Task directions – When you reach the line containing "晚会在学校大会堂隆重举行,现", repeat that line and each one after it exactly until the records end, leaving out pictures.

Information shown –
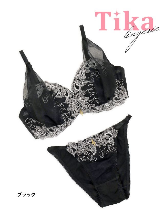 華やかなお洒落ランジェリー♪ [勝負下着] チュールベールエレガンス刺繍レース脇高カップブラジャー&ショーツ2点セット
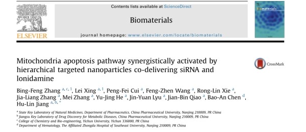 pathway synergistically activated by hierarchical targeted nanoparticles co-delivering siRNA and lonidamine》,发表在DOI:10.1016/j.Biomaterials.2015.05.027(影响因子:8.557,SCI生物材料1区)。
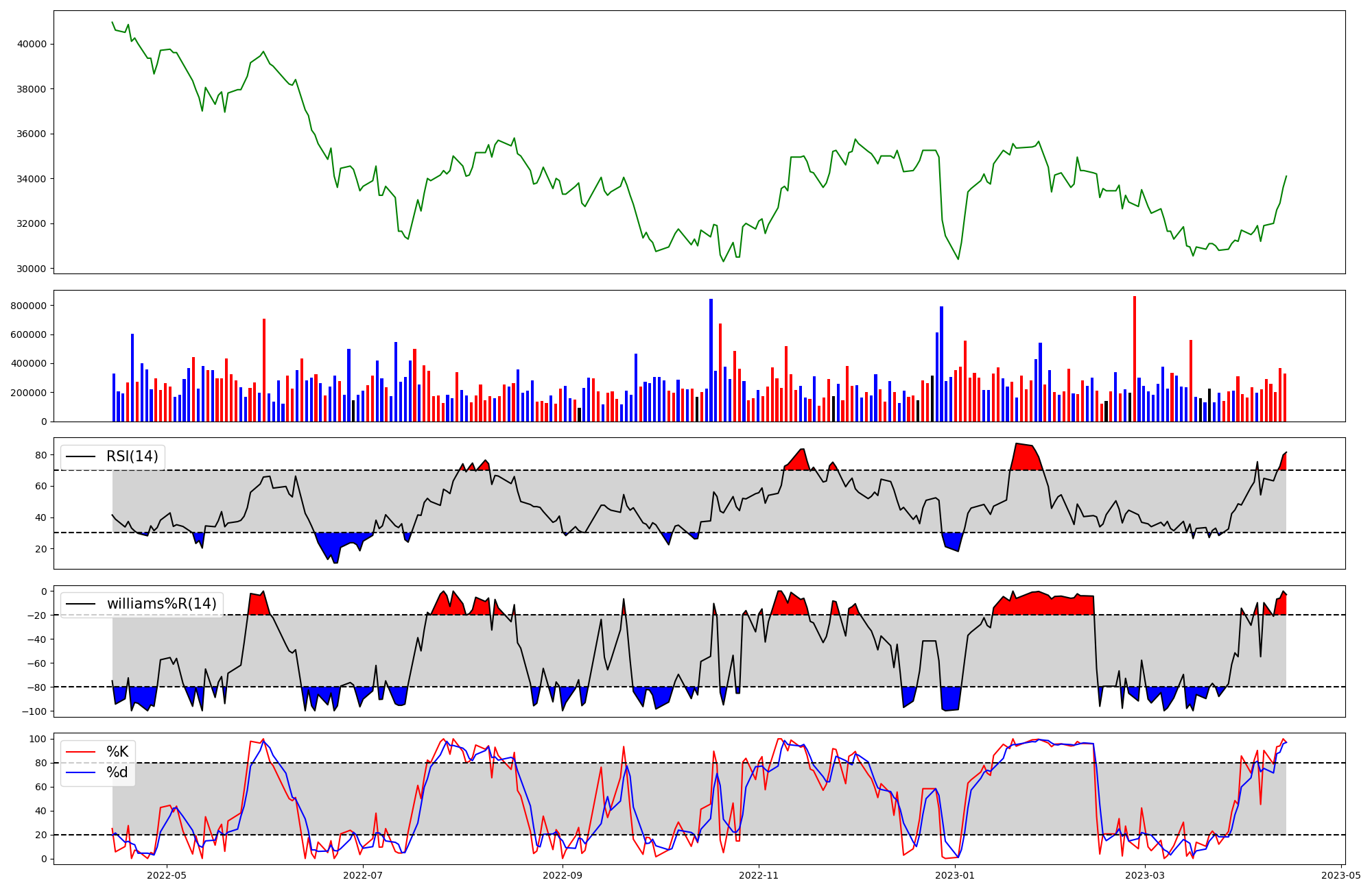RSI | Williams %R | stochastic(%K) | |
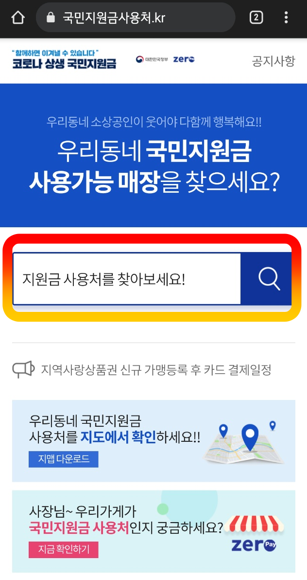 국민지원금 사용처 안내 - 메인
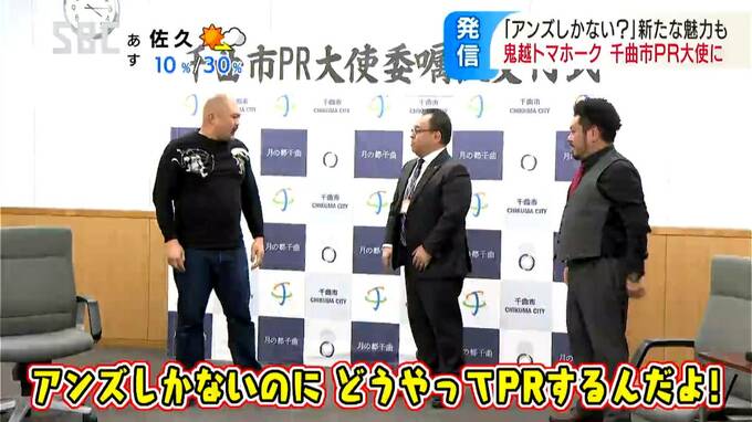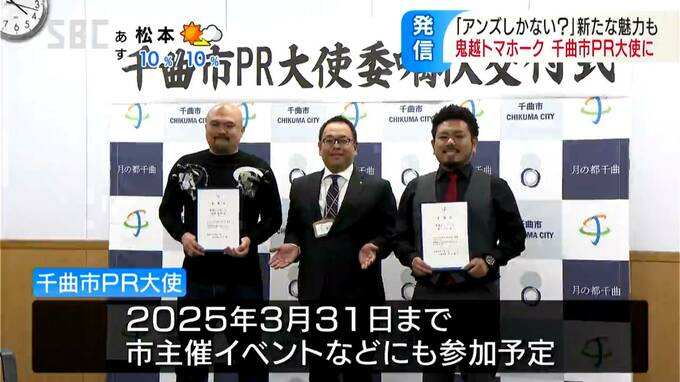 人気お笑い芸人の「鬼越(おにごえ)トマホーク」が千曲市のPR大使を委嘱され、委嘱状の交付式が行われました。
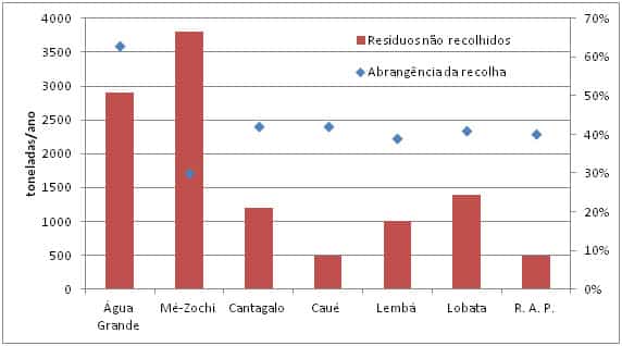 Considerando a abrangência dos sistemas de recolha de resíduos sólidos urbanos apresentada no PAGIRSU e conforme apresentado na figura, estima-se que perto de 90.000 habitantes ainda não são servidos, o que implica que cerca de 11.000 toneladas de resíduos por ano têm um destino desconhecido.
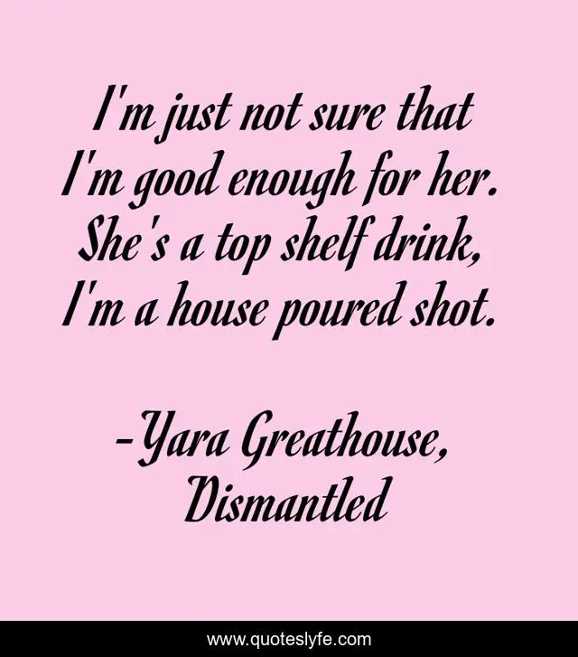 This page presents the quote "I'm just not sure that I'm good enough for her. She's a top shelf drink, I'm a house poured shot.". Author of this quote is Yara Greathouse, Dismantled. This quote is about romance, friendship-and-love, suspense, hardship,.
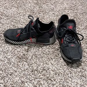 Adidas NMD Ri.V2 Boys Size 4 Womens 5.5 Black Red Running Sneaker Shoes FY2107
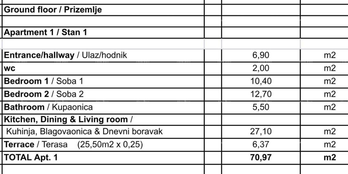 Stan površine 70.97 m2 nalazi se u prizemlju zgrade.
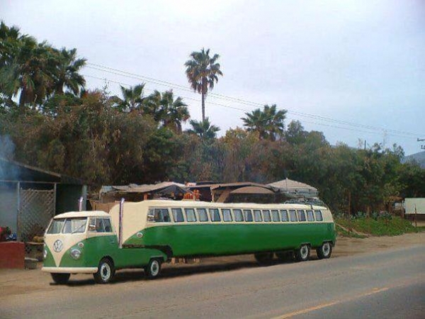 Back in the early 60s I drove a 1962 Corvair Greenbriar to work with nine riders counting me. The 4 speed growled and the engine huffed but when it got to speed it cruised down the road well. I don't know the HP of the Corcvair but the VW must have struggled too. I can see it going up a grade and passengers getting out to push it over the crest kinda' like they did on Wagon Train.
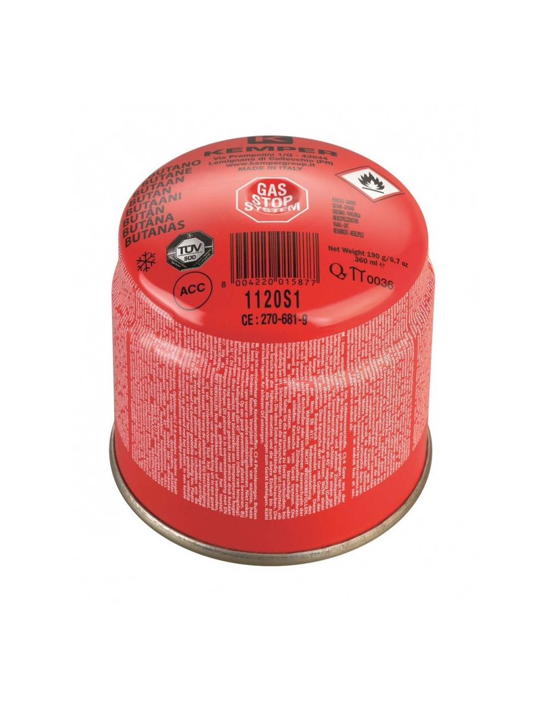 Cartucho de gas con válvula 230 gr KEMPER conexión rosca 7/16" Cartucho 230 gr. con válvula. Contiene una mezcla de 30% propano/70% butano. Probado según EN 417. Válvula roscada de 7/16 pulgadas.
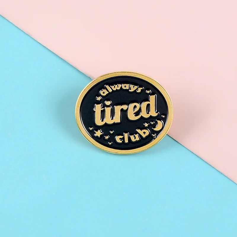 Черная эмалированная булавка на заказ, всегда уставшие Клубные брош...
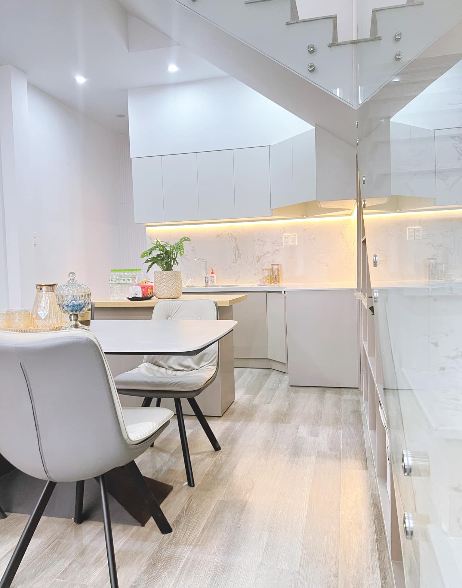 Bếp dùng màu trắng và ghi mang đến vẻ đẹp thanh lịch. Chi tiết decor bằng các chai, lọ, cốc thủy tinh rất cuốn hút.
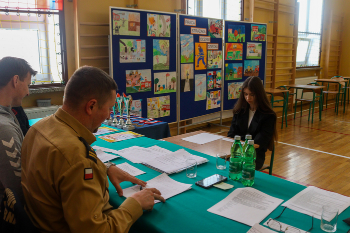 I grupa: uczniowie klas I – IV, II grupa: uczniowie klas V – VIII z terenu gminy. W pięknie udekorowanej sali plakatami o tematyce p-poż., sprzętem strażackim oraz umundurowaniem, młodzież rozwiązywała trudny test oraz egzamin ustny przygotowany przez PSP w Gorlicach
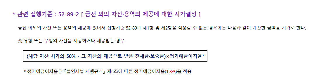 시가(적정임대료) = (해당 자산의 시가의 50% - 그 자산의 제공과 관련하여 받은 전세금 또는 보증금) × 정기예금이자율 *주)
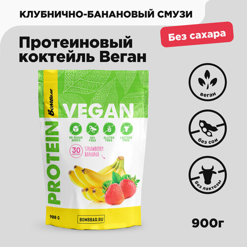 Протеин BOMBBAR VEGAN Protein, 900 гр., клубнично-банановый смузи
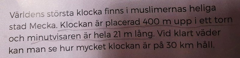 Minutvisaren är radien i klockan alltså är diametern 21x2=42 meter.
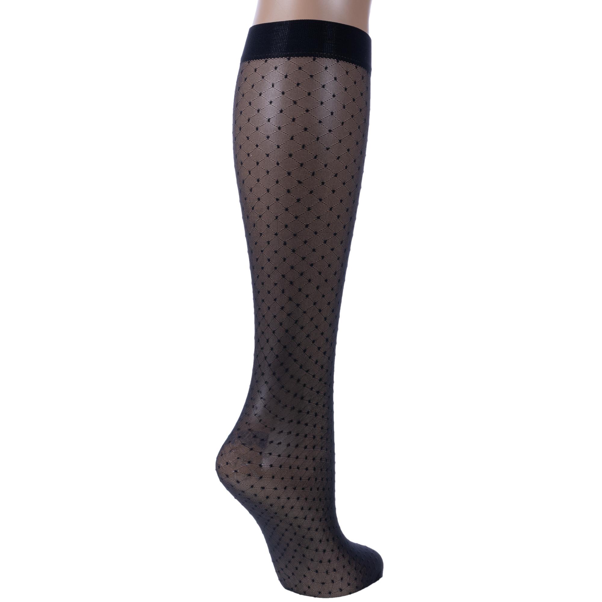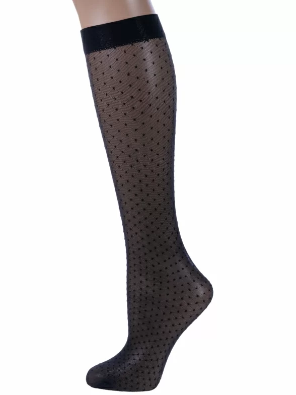 Женские однотонные гольфы украшены геометрическим узором в клетку и горошек.
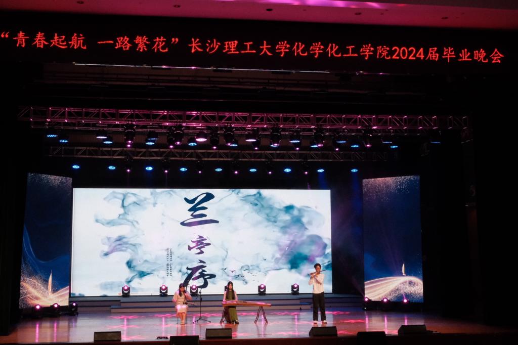 晚会在学校大会堂隆重举行,现场灯光璀璨,气氛热烈。来自全院师生的数百名观众齐聚一堂,共同见证这一难忘时刻。本次毕业晚会以“青春启航 一路繁花”为主题,通过丰富多彩的节目展示,回顾了毕业生们在校园度过的美好时光,展现了他们朝气蓬勃的青春风采。文艺节目精彩纷呈,有歌曲串烧、舞蹈表演、情景剧等多种形式,无一不展现了化学化工学院学子的风采与才华,赢得了观众阵阵喝彩和掌声。
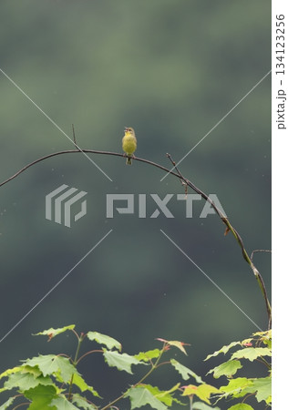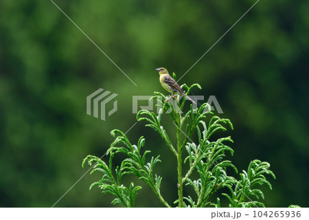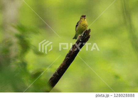 新緑の高原の森で見られる小さなかわいい小鳥、日本固有種のノジコ
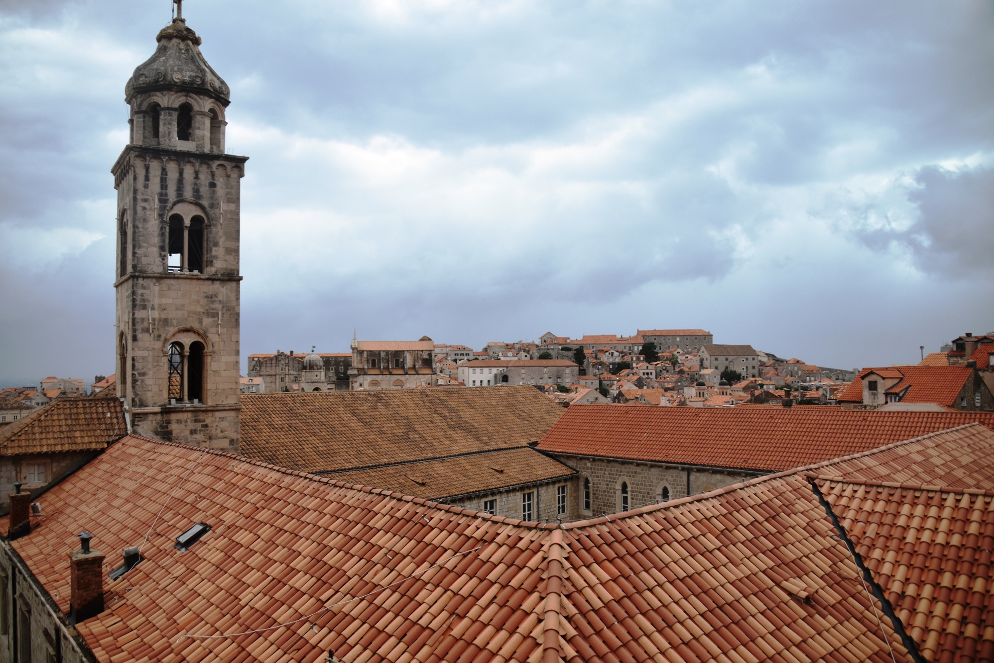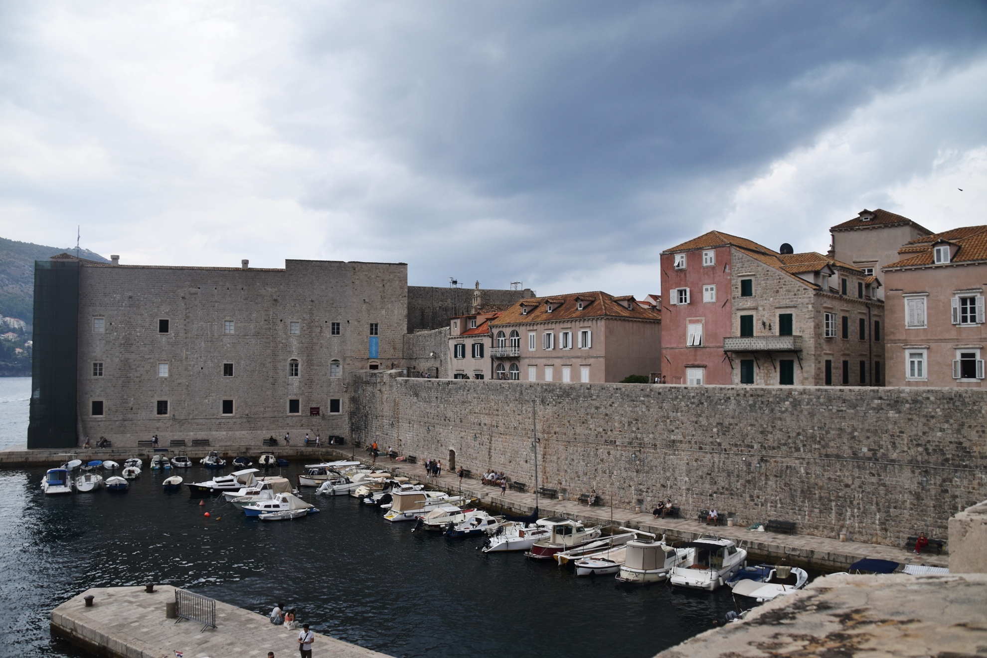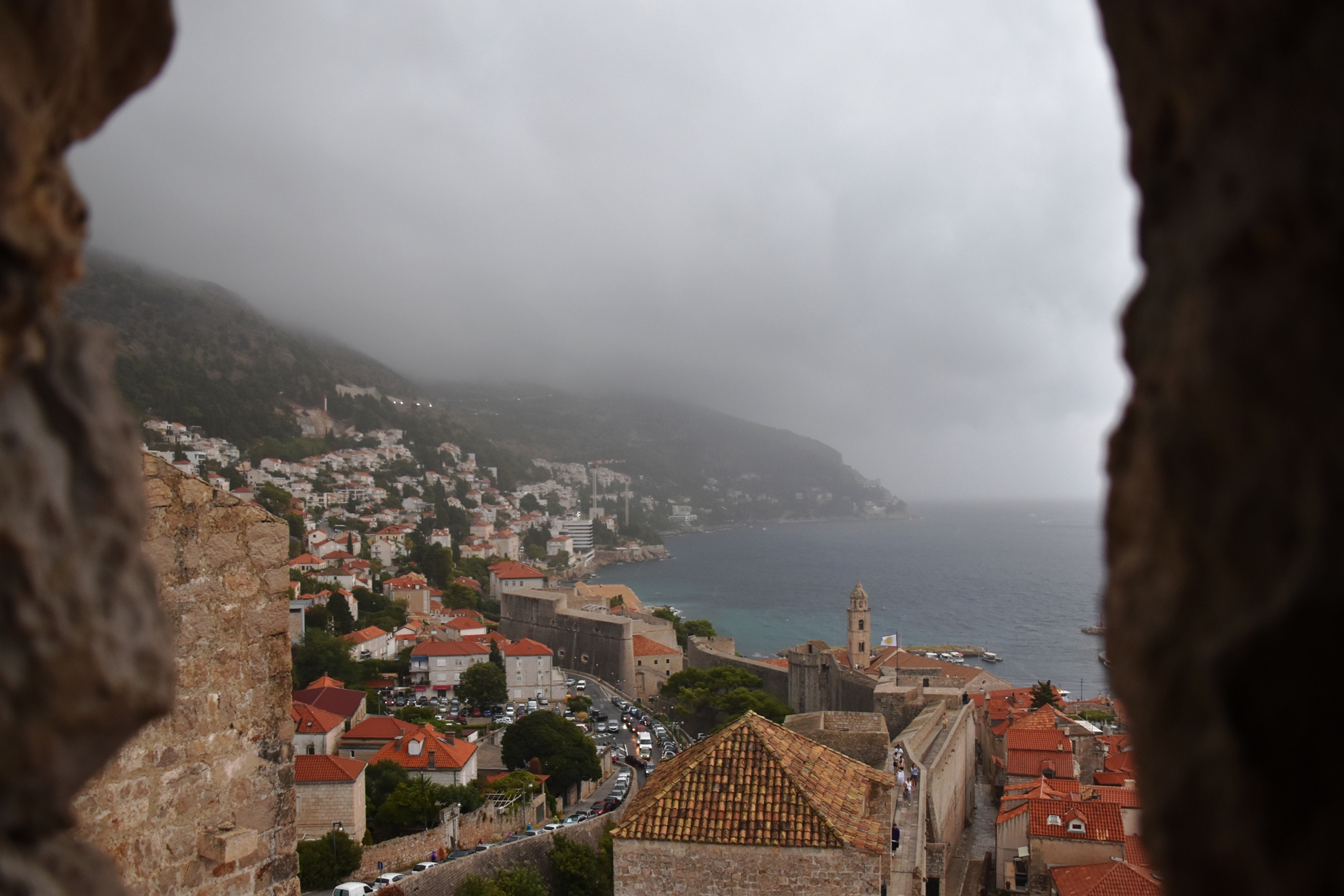 As most people know, Dubrovnik is one of the few places in the world where the walls are completely intact and walkable on the top. As we made our way around, negotiating a lot more steps, we had views across to Fort Lawrence, and then of the sheer section of wall which faces the sea. It was about then that we noticed some dark clouds hovering over the nearby island. We made it almost all the way around, but the downpour started just before we reached the last tower. We joined a lot of poncho-clad people sheltering inside the tower’s arch, all checking the rain radar on their phones.

Solution to this problem –
 晚会在学校大会堂隆重举行,现场灯光璀璨,气氛热烈。来自全院师生的数百名观众齐聚一堂,共同见证这一难忘时刻。本次毕业晚会以“青春启航 一路繁花”为主题,通过丰富多彩的节目展示,回顾了毕业生们在校园度过的美好时光,展现了他们朝气蓬勃的青春风采。文艺节目精彩纷呈,有歌曲串烧、舞蹈表演、情景剧等多种形式,无一不展现了化学化工学院学子的风采与才华,赢得了观众阵阵喝彩和掌声。
 新緑の高原の森で見られる小さなかわいい小鳥、日本固有種のノジコ
 As most people know, Dubrovnik is one of the few places in the world where the walls are completely intact and walkable on the top. As we made our way around, negotiating a lot more steps, we had views across to Fort Lawrence, and then of the sheer section of wall which faces the sea. It was about then that we noticed some dark clouds hovering over the nearby island. We made it almost all the way around, but the downpour started just before we reached the last tower. We joined a lot of poncho-clad people sheltering inside the tower’s arch, all checking the rain radar on their phones.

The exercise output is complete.